Meine lieben Lesenden,
Vorab, das hier ist keine sachliche Berichterstattung. Das waren meine Blogs nie und das werden sie nie sein. Dieser Text ist meine persönliche Meinung, das was ich weiss (oder zu wissen glaube) und mein Empfinden. Niemand muss die gut finden, jeder soll sich selbst eine eigene Meinung bilden.
Ich bin sauer, richtig sauer. Dieses Gefühl trägt dieser Text in sich. Wer lieber etwas von den schönen Seiten des Berufes lesen möchte, und wieviel einem dieser Beruf gibt (tut er): Mach den Blog wieder zu, das ist nichts für dich.
Wer eher auf “sachlich” steht, dem empfehle ich die Medienmitteilung des SBK Schweiz: “Pflegende tragen die Konsequenzen der Unterfinanzierung: Investitionen sind dringend nötig.”

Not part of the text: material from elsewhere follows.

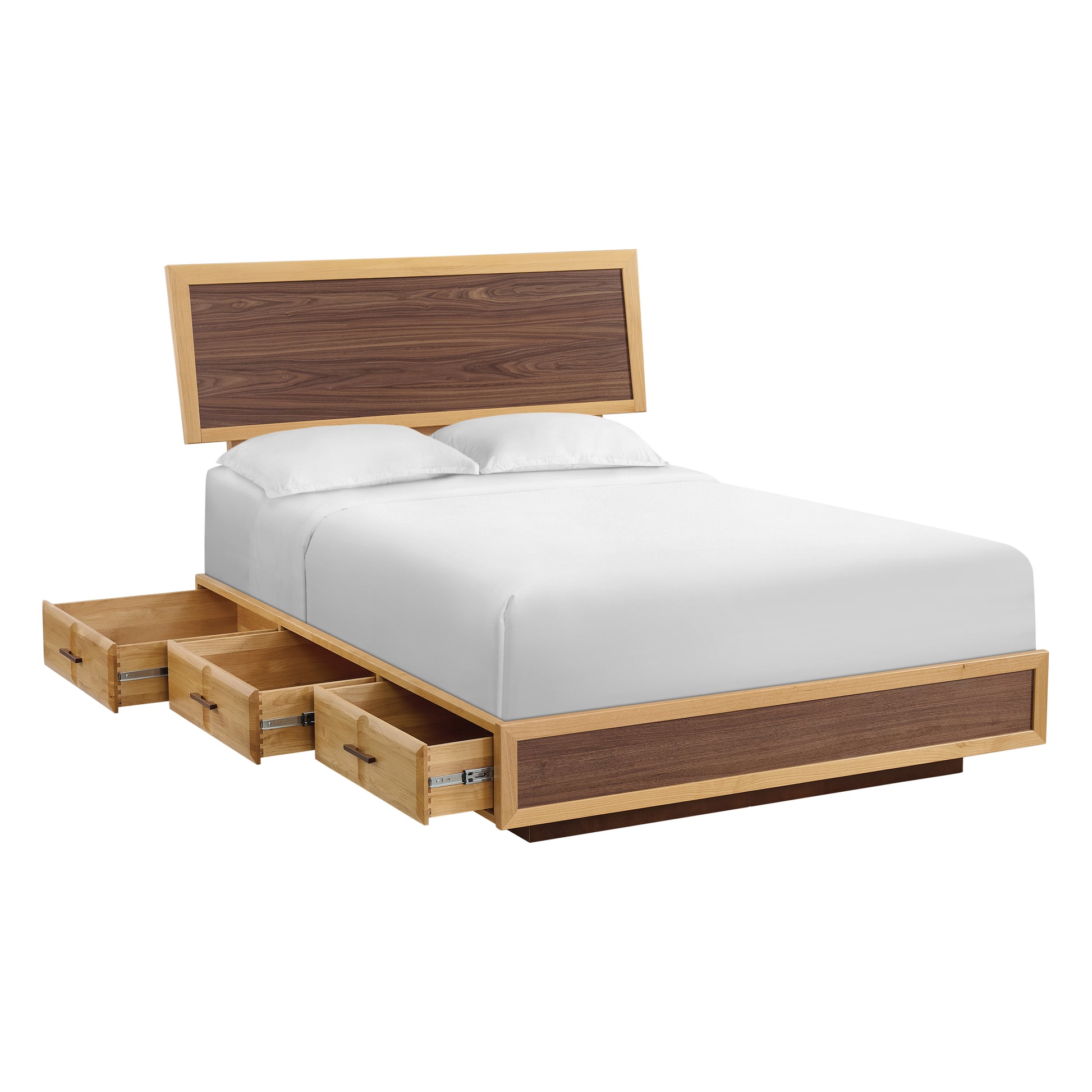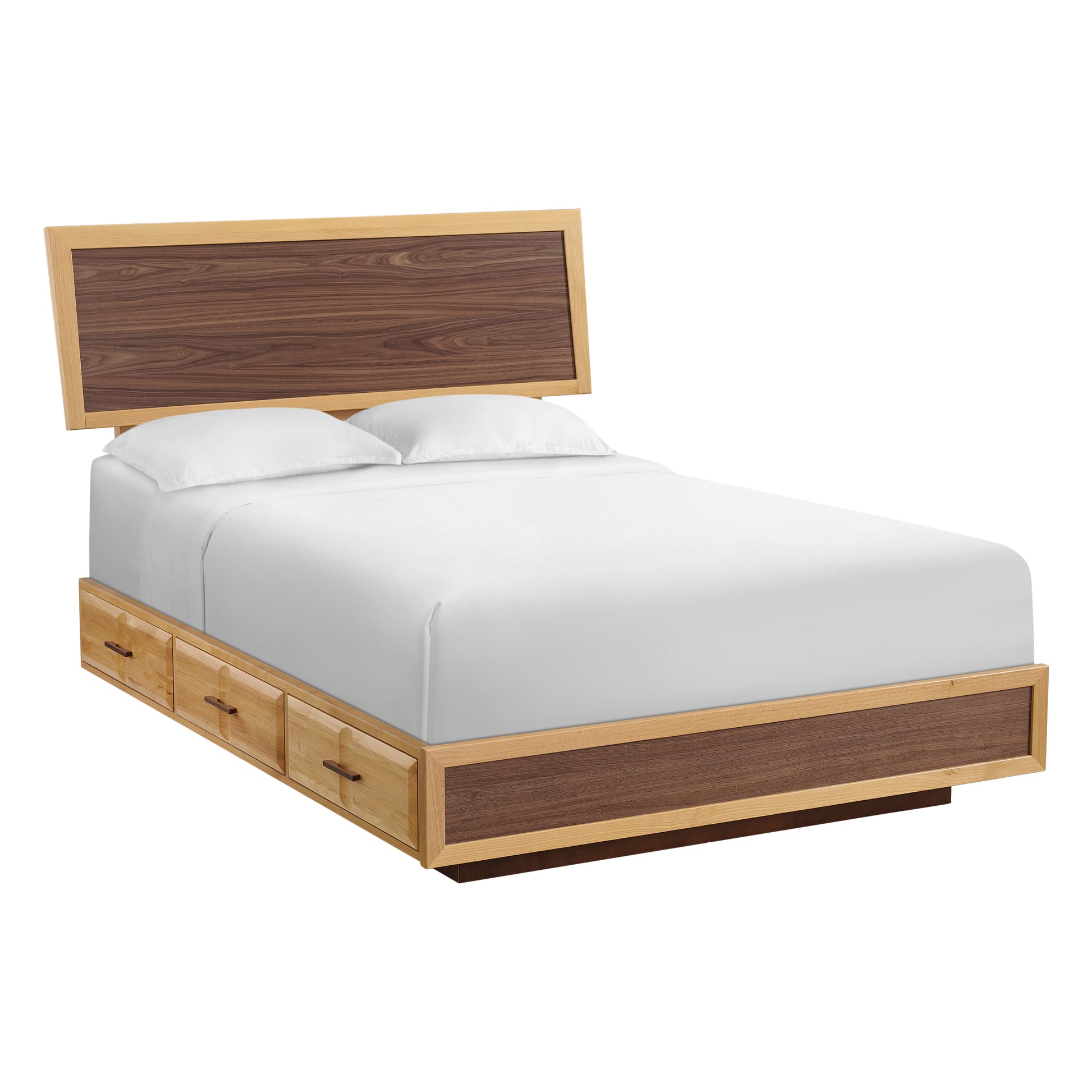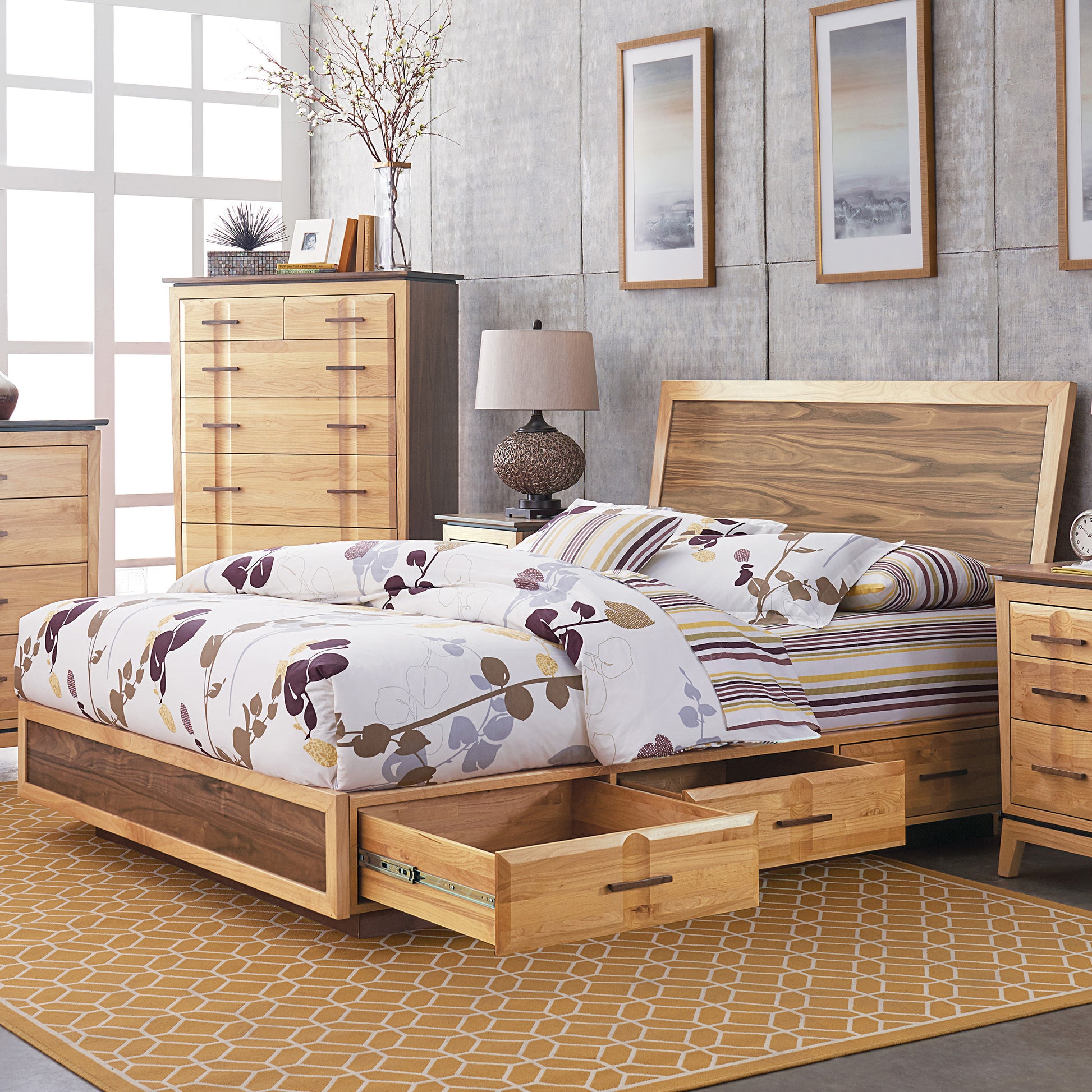 This collection was inspired by mid-century styling yet has a dramatic flair all its own. The remarkable combination of American Alder and Black Walnut hardwoods is stunning. Complementing this beautiful blend are bold design choices that set this group apart. A precisely engineered 45-degree miter face frame seamlessly surrounds spacious inset drawers. Coved drawer fronts exude solid wood and ensure the solid Black Walnut drawer pulls are a stand out feature. Beds offered in two styles for differing design aesthetics.

Da das nun geklärt ist, gehen wir rein…
“Umsetzung der Pflegeinitiative dürfte für Prämienhammer sorgen” titeln am 18.10.25 mehrere Zeitungen (z.B. Luzerner Zeitung, Aargauer Tagblatt, Bieler Tagblatt.)
Alleine dieser Titel löst viel im mir aus. Es fühlt sich an, als hätte man jeder Pflegenden einzeln vor die Füsse gekotzt. Respektloser geht es nicht mehr!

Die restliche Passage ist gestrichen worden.